It is of note that there were 2 cases of PMP22 duplication – a reciprocal phenomenon of PMP22 deletion leading to Charcot-Marie-Tooth disease type 1A (CMT1A) – among 11,885 neonates so the estimated prevalence of PMP22 duplication was 16.8 per 100,000 (95% CI, 2.8–55.6) or 1:5943 (95% CI, 1/1429–1/10000), which was comparable to the 1:3800–1:12,500 reported by van Paassen and colleagues [3]. However, the prevalence of PMP22 duplication in our cohort could be underestimated because a significant proportion of parents with PMP22 duplication already have CMT1A-related symptoms and may be more likely to request prenatal genetic diagnosis or preimplantation genetic diagnosis (PGD) rather than neonatal screening [9, 10].
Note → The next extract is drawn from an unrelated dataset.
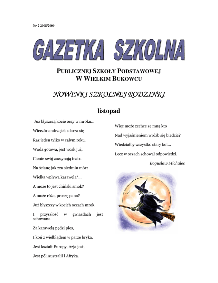 Nr 2 2008/2009 PUBLICZNEJ SZKOŁY PODSTAWOWEJ W WIELKIM BUKOWCU NOWINKI SZKOLNEJ RODZINKI listopad Już błyszczą kocie oczy w mroku... Więc może zechce ze mną kto Wieczór andrzejek zdarza się Nad wyjaśnieniem wróżb się biedzić? Raz jeden tylko w całym roku. Wiedziałby wszystko stary kot... Woda gotowa, jest wosk już, Lecz w oczach schował odpowiedzi. Cienie swój zaczynają teatr. Bogusław Michalec Na ścianę jak zza siedmiu mórz Wielka wpływa karawela*... A może to jest chiński smok? A może róża, proszę pana? Już błyszczy w kocich oczach mrok I przyszłość schowana. w gwiazdach Za karawelą pędzi pies, I koń z wielbłądem w parze bryka. Jest kształt Europy, Azja jest, Jest pół Australii i Afryka. jest Szkolna dyskoteka „POZNAJMY SIĘ” 30 października o godz1500 rozpoczęła się pierwsza w tym roku szkolnym dyskoteka. Na głównym holu p. dyrektor Katarzyna Błaszak i organizatorki - M. Pater i A. Lubawska powitały przybyłych uczniów. Na pierwszej dyskotece nastąpiło zaprzysiężenie przedstawiciesli Samorządu Uczniowskiego, którzy zostali wybrani w wolnych wyborach przez społeczność szkolną wybrane uczennice D. Świeczkowska, Patrycja Gapa i Patrycja Milkowska ślubowały przed swoimi kolegami: PRACOWAĆ DLA DOBRA SZKOŁY, ZASPAKAJAĆ POTRZEBY UCZNIÓW, GODNIE REPREZENTOWAĆ SWOICH WYBORCÓW I DBAĆ O HONOR SZKOŁY. Do zabawy zaproszono klasę IV. Klasy V i VI przygotowały zadania dla swoich młodszych kolegów. Po ich wykonaniu zostali „uczestnikami dyskoteki szkolnej.” • Konsumowanie czegoś kwaśnego ze „słodką minką”- owoc „rajskie jabłko” • Łamańce językowe-Karol Lorek........ - powtórzenie • Moczenie nosa w wodzie i mącesłodki poczęstunek. • Smaczne witaminki-jabłko na sznurku. • Święcenie wodą przez panią dyrektor. Po wykonaniu zadań wszyscy zostali przyjęci do braci dyskotekowej zabawy. Dyskoteki cieszą się wielką popularnością wśród uczniów. Konkursy dla klasy IV stały się tradycją naszej szkoły. Zadania mobilizują klasy starsze do szukania pomysłów i twórczego działania zarządu SU. Aktywizują uczniów i są doskonałą formą spędzania wolnego czasu Uczniowie biorą współodpowiedzialność za zorganizowanie dyskoteki szkolnej zgodnie z jej regulaminem. Uczniom naszej szkoły przygrywali starsi koledzy z gimnazjum: A.Gracz i Ł. Kowalski. „Święto kartofla” Dnia 3 października dzieci z oddziału zerowego PSP w Wielkim Bukowcu wybrały się do gospodarstwa p. Mazurowskich w Wielkim Bukowcu gdzie spędziły miłe przedpołudnie. W gospodarstwie obejrzały zwierzęta hodowlane, karmiły je oraz głaskały. Nazywały maszyny wykorzystywane w gospodarstwie. Przedszkolaki były na pastwisku i tam dowiedziały się o karmieniu i dojeniu krów. Na polu widziały kopiec buraków przywieziony z pola. Wszyscy chętnie przyglądali się pracy rolnika i z zaciekawieniem słuchali opowiadań. Gospodarz, brat p. Joanny pokazał i powiedział, jak przechowuje się ziemniaki na zimę. Dzieci samodzielnie owijały ziemniaki w folię, aby upiec je na ognisku. Ponadto wysłuchali informacji dotyczących tradycji zakończenia wykopek na Kociewiu. Następnie ziemniaki przysypano gorącym popiołem i przedszkolaki w czasie oczekiwania na pieczone danie bawiły się w znane zabawy „gorący kartofel, uciekaj myszko i chodzi lisek”. Gdy ziemniaki się upiekły, wszyscy zasiedli do stołu i spożywali wspólny posiłek. Chipsy, czekoladki, cukierki i ciasteczka znikały z talerzyków równie szybko jak pieczone kartofelki. Na zakończenie przedszkolaki zaśpiewały piosenkę, posprzątały po sobie i wróciły do szkoły. W drodze powrotnej opowiadały wrażenia z odbytej wycieczki. Małgorzata Pater 2 Akcja „ CIUSZEK” Dając czasami niewiele, dobre słowo i zrozumienieczynimy się nawzajem szczęśliwymi... Tradycyjnie na przełomie miesiąca września i października Samorząd Uczniowski pod opieką Alicja Lubawskiej i Małgorzaty Pater zorganizował przed nadchodzącą zimą akcję „Ciuszek”. Biorąc pod uwagę trudną sytuację materialną niektórych rodzin szkolnych zaczęto gromadzić używaną, czystą odzież w specjalnie do tego wyznaczonym pomieszczeniu. Zbiórka odzieży i obuwia przebiegała sprawnie, bo zaangażowało się w nią wiele osób wrażliwych na potrzeby drugiego człowieka. W dniu otwartym w szkole zorganizowano bezpłatny kiermasz odzieży używanej, który cieszył się dużym zainteresowaniem rodziców i uczniów. Pozostałą odzież przekazano do GOPS w Skórczu. Prowadzona kolejny raz akcja wykazała, że niesienie pomocy innym uważamy za swój moralny obowiązek. Dziękujemy darczyńcom! Alicja Lubawska Spotkanie integracyjne dzieci z oddziału zerowego Dnia 17.10.2008r. dzieci wraz z wychowawcami i rodzicami odwiedziły „Mini Zoo” w pobliskim Grabowie. Miały okazję zobaczyć zwierzęta egzotyczne takie jak: kangury i wielbłąda, zwierzęta z gospodarstwa domowego np. kozy, konie, świnki i różne gatunki królików oraz ptaki takie jak: kury, strusie, papużki itp. Mogły pojeździć sobie na kucyku. Na placu zabaw przygotowanym dla najmłodszych mogły się pobawić. Dzieci zjadły kiełbaski upieczone na ognisku i przygotowane przez rodziców smakołyki. Mamy zakupiły dzieciom upominki w sklepiku gospodyni. Mamusiom spodobało się to miejsce i na pewno wrócą tu na wiosnę lub w lecie, jak zwierzęta będą miały młode lub pozostaną na dłużej wynajmując domki letniskowe na terenie „mini zoo”. Po powrocie z wycieczki dzieci rysowały zwierzęta, które zobaczyły i karmiły koniczynką. Pytały czy pojedziemy tam jeszcze raz na wiosnę. Małgorzata Pater W Nadleśnictwie w Lubichowie 20 października 2008r. klasy I i IV wraz ze swoimi wychowawczyniami p. Alicją Lubawską i p. Dorotą Ciesielską były w Nadleśnictwie w Lubichowie. Tego dnia dzięki środkom finansowym z Unii Europejskiej odbywały się tam tzw. „z

Our study has several limitations. This study focused on asymptomatic infants. Most of all, the number of study subjects may not be enough to estimate the exact prevalence of rare genetic disorders. Considering that the symptoms of HNPP occur mostly in the second or third decade, the disease prevalence could be overestimated because some individuals with 17p11.2 deletion may not have HNPP phenotype in their life. Nevertheless, this study has the advantage of knowing the baseline frequency of 17p11.2 deletion causing PMP22 Del HNPP. In conclusion, our data suggest that PMP22 Del HNPP might not be uncommon at least in the Korean population.



Copy number variation


Hereditary neuropathy with liability to pressure palsies


Log R ratio


Multiplex ligation-dependent probe amplification


Next-generation sequencing



We would like to thank Ms. Sun Ae Yun who performed the clinical tests. We also would like to thank Ms. Jin Hee Choi, who created the figure.
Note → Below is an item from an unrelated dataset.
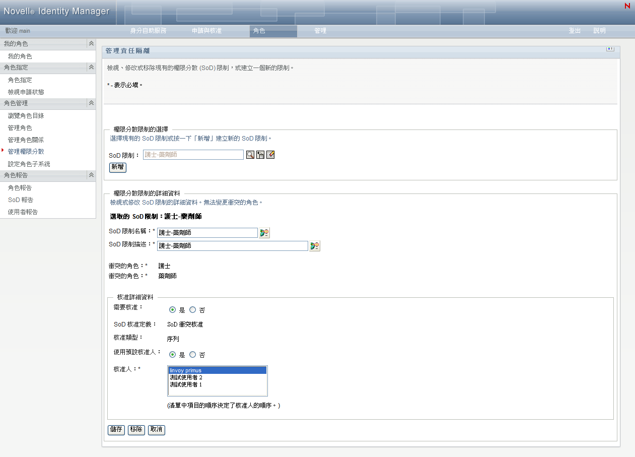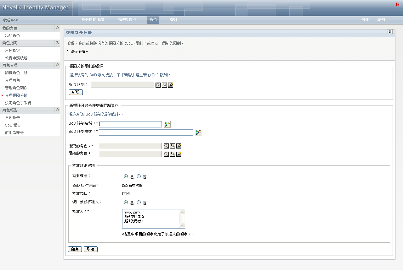 頁面存取 角色管理員或安全官可以存取「管理權限分散」頁面。安全官需要擁有對 Identity Vault 中 SoDDef 容器的瀏覽權限,但不需要對角色的瀏覽權限。

The authors have no financial relationships relevant to this article to disclose.

Availability of data and materials

Not applicable.

Authors’ contributions

CSK, DYJ and SYK conceived and designed the study. Next-generation sequencing data were generated by LabGenomics, and analyzed by SJN and MJO. Multiplex ligation-dependent probe amplification was performed and analyzed by JEP. JEP and SJN wrote the paper. All authors read and approved the final manuscript.

Ethics approval and consent to participate

The Institutional Review Board of the LabGenomics Clinical Research Institute approved this study.

Consent for publication

Written consent for publication was provided by the parents, whom we would like thank for their help.

Competing interests

The authors declare that they have no competing interests.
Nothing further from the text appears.